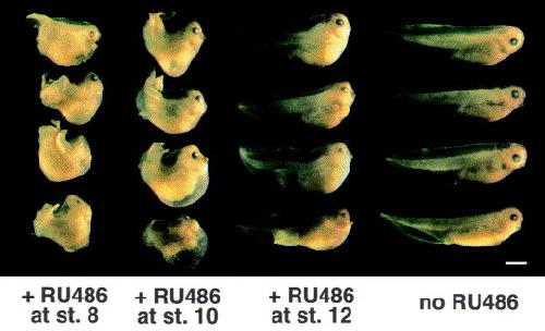 Treatment at stage 8 resulted in strong spina bi®da and shortening of the anteroposterior extension, whereas treatment at stage 12 led to stunted embryos with
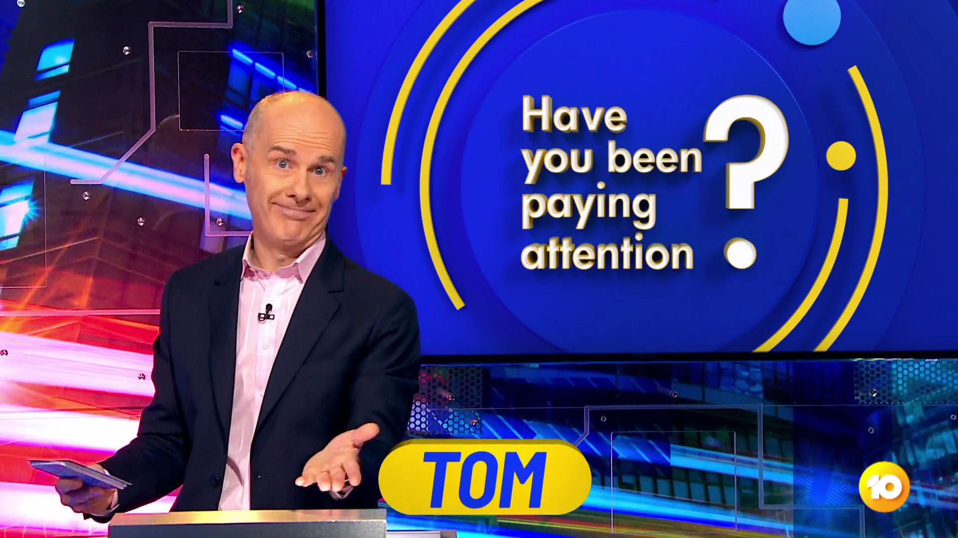 Regular contestants Sam Pang and Ed Kavalee are back for their tenth round of sucker punches to the unwavering one and only Quizmaster Tom Gleisner, who returns with topical questions from the world of celebrity, sport, international affairs and the perfectly timed federal election.
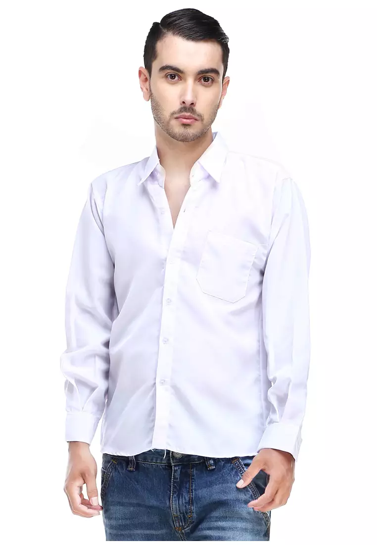 Dwan Kemeja Polos Pria Lengan Panjang Casual Plain Shirt Kasual Formal Material Cotton ORIGINAL - White
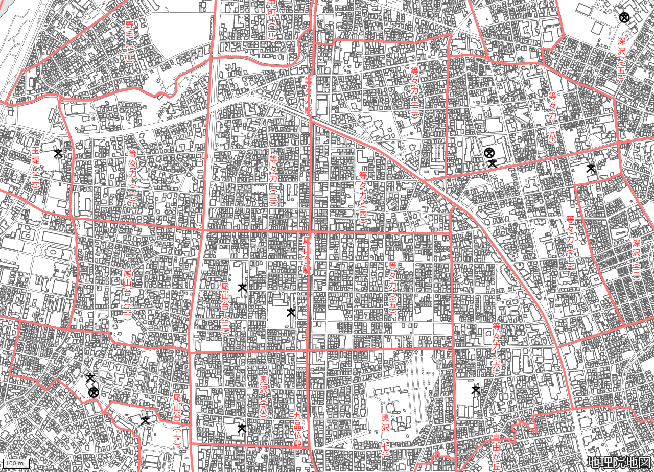 地図の内容は国土地理院が作成した時点の情報を反映しており、実際の現況とは異なる場合があります。現在は存在しない建物や道路、新たに整備された施設などが含まれることがありますので、あらかじめご了承ください。
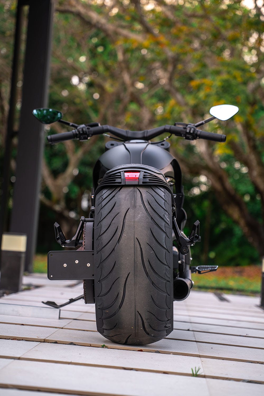 Finalement ils on réussi à adapter un gros pneu sur la R 18. il doit falloir démonter la transmission pour installer ou changer le pneu...
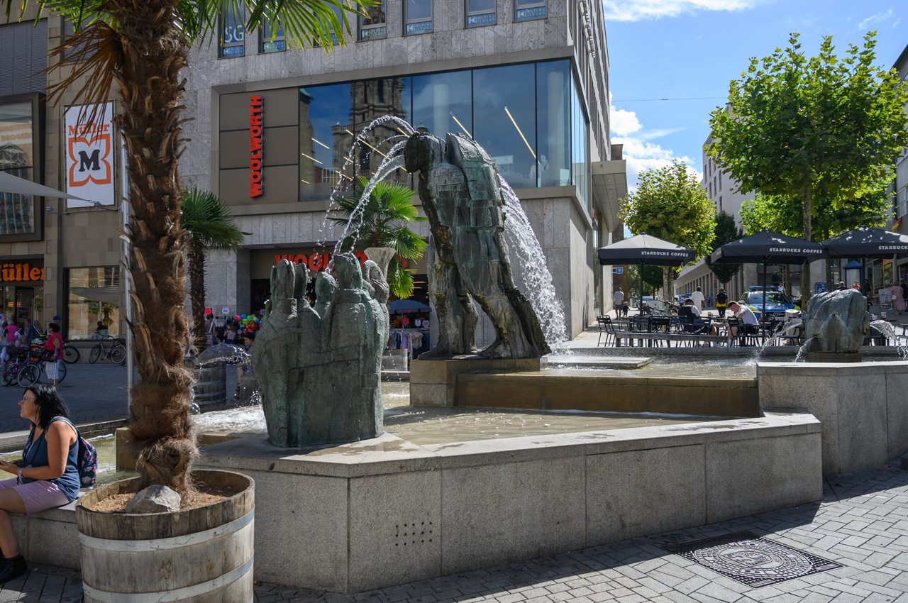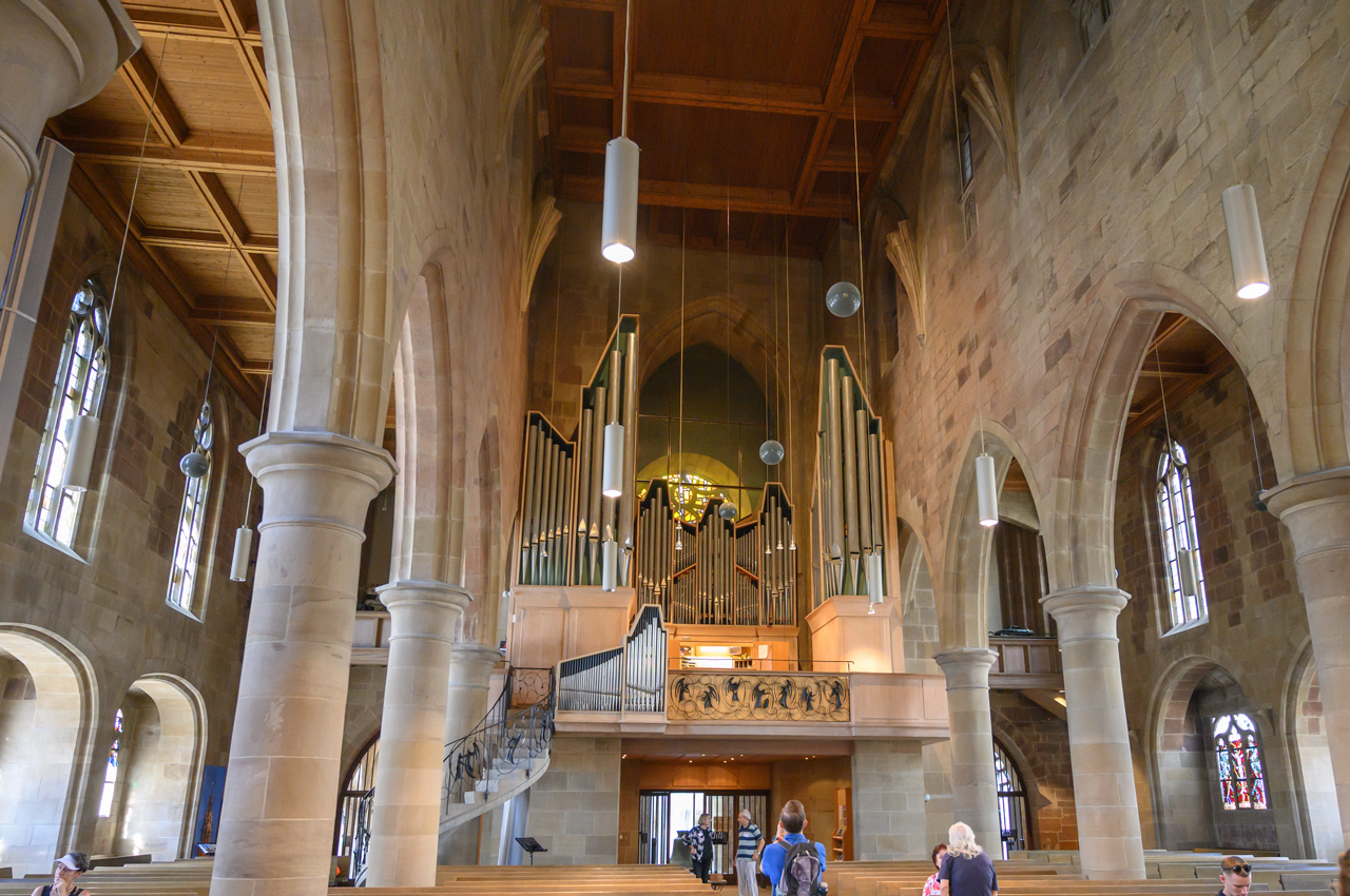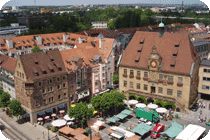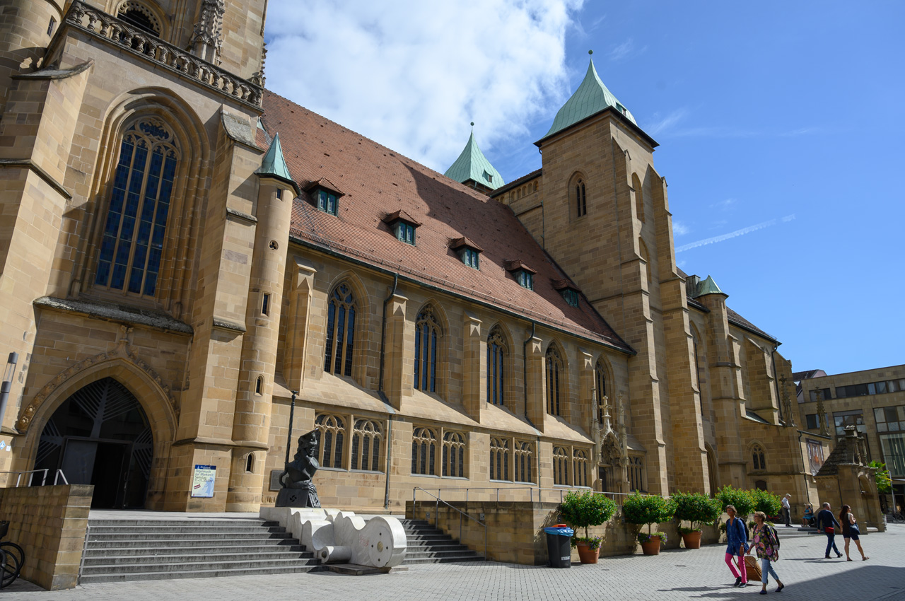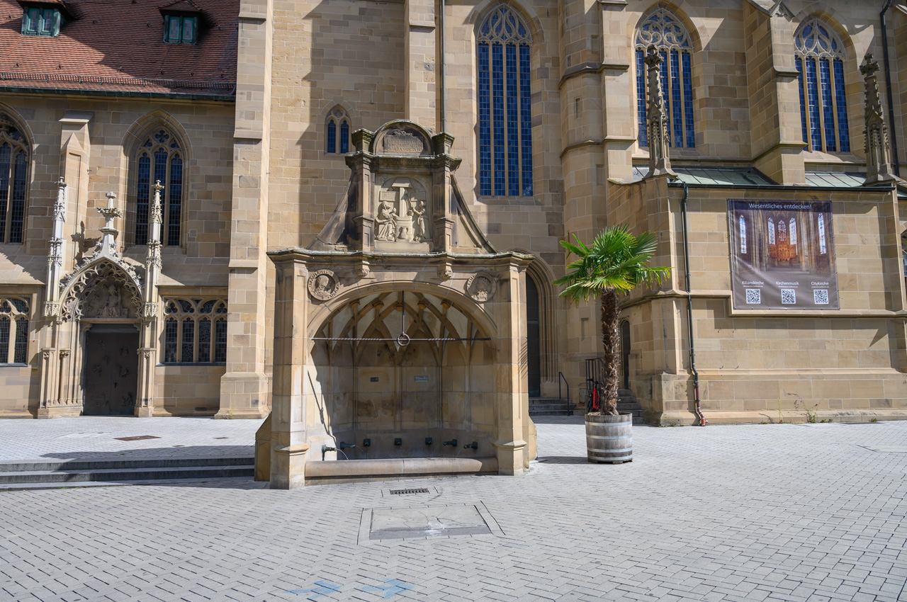 Unser nächstes Ziel war die Touristeninfo am Rathaus. Das Rathaus ist ein sehr schönes Gebäude mit einer speziellen Mond Uhr über der Normalzeituhr. In der Touristeninfo haben wir einen Stadtplan bekommen. Nach einem kurzen Spaziergang durch das Umfeld vom Rathaus, sind wir zurück zur Kilianskirche, um dem Orgelkonzert beizuwohnen. Nach dem ersten Stück haben wir aber die Kirche wieder verlassen. Orgelmusik ist nur sehr bedingt etwas für unsere Ohren. Jetzt waren wir auf der Suche nach einem italienischen Eiskaffee. Diese Suche blieb aber leider erfolglos. Wir haben weder ein italienisches noch ein anderes Eiscafé gefunden. Nachdem wir uns im REWE ein frisches Baguette besorgt haben, haben wir dann auch wieder den Rückweg angetreten. Wir sind wieder den gleichen Weg am Neckar entlang gelaufen.
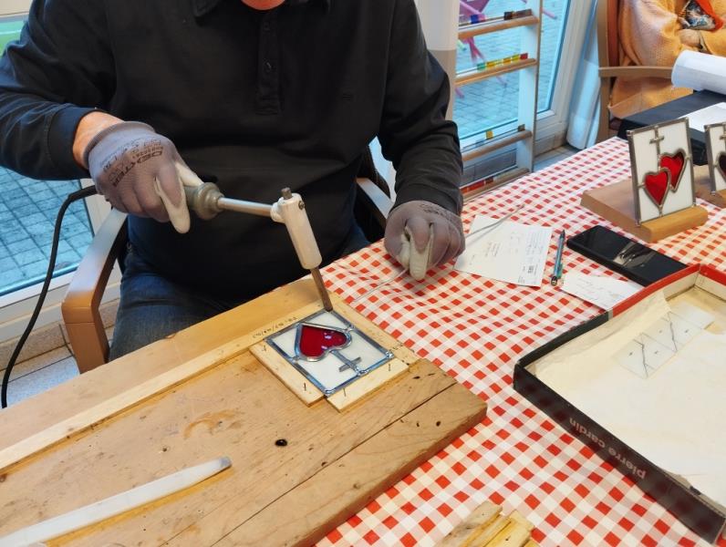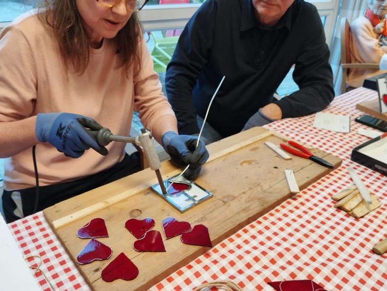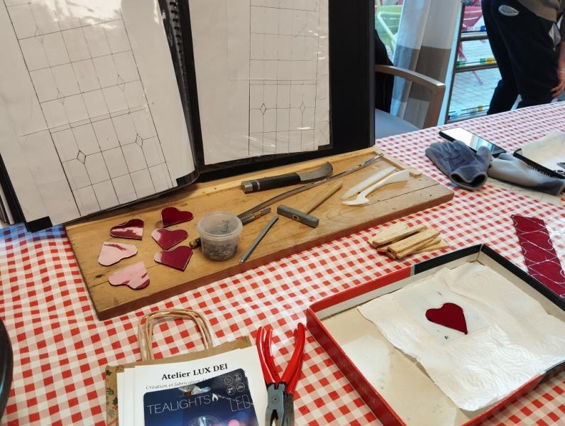 Mercredi dernier, madame F. la fille de l'une de nos résidentes, est venue nous faire partager une passion : le travail sur vitrail.
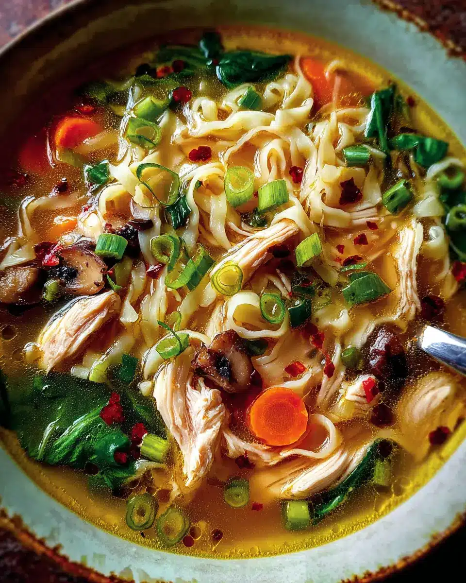 Absolutely! Ginger garlic chicken noodle soup is an excellent make-ahead meal. You can prepare the soup base, including the chicken and broth, a day in advance. Just store it in the fridge once cooled. When you’re ready to enjoy it, simply reheat the broth, add fresh noodles and vegetables, and cook until everything is warmed through.

====

Exercise prompt:
Copy exactly the lines from the line containing "Unser nächstes Ziel" through the last line of the records, both included, and omit every picture.

Answer to this exercise:
 Unser nächstes Ziel war die Touristeninfo am Rathaus. Das Rathaus ist ein sehr schönes Gebäude mit einer speziellen Mond Uhr über der Normalzeituhr. In der Touristeninfo haben wir einen Stadtplan bekommen. Nach einem kurzen Spaziergang durch das Umfeld vom Rathaus, sind wir zurück zur Kilianskirche, um dem Orgelkonzert beizuwohnen. Nach dem ersten Stück haben wir aber die Kirche wieder verlassen. Orgelmusik ist nur sehr bedingt etwas für unsere Ohren. Jetzt waren wir auf der Suche nach einem italienischen Eiskaffee. Diese Suche blieb aber leider erfolglos. Wir haben weder ein italienisches noch ein anderes Eiscafé gefunden. Nachdem wir uns im REWE ein frisches Baguette besorgt haben, haben wir dann auch wieder den Rückweg angetreten. Wir sind wieder den gleichen Weg am Neckar entlang gelaufen.
 Mercredi dernier, madame F. la fille de l'une de nos résidentes, est venue nous faire partager une passion : le travail sur vitrail.
 Absolutely! Ginger garlic chicken noodle soup is an excellent make-ahead meal. You can prepare the soup base, including the chicken and broth, a day in advance. Just store it in the fridge once cooled. When you’re ready to enjoy it, simply reheat the broth, add fresh noodles and vegetables, and cook until everything is warmed through.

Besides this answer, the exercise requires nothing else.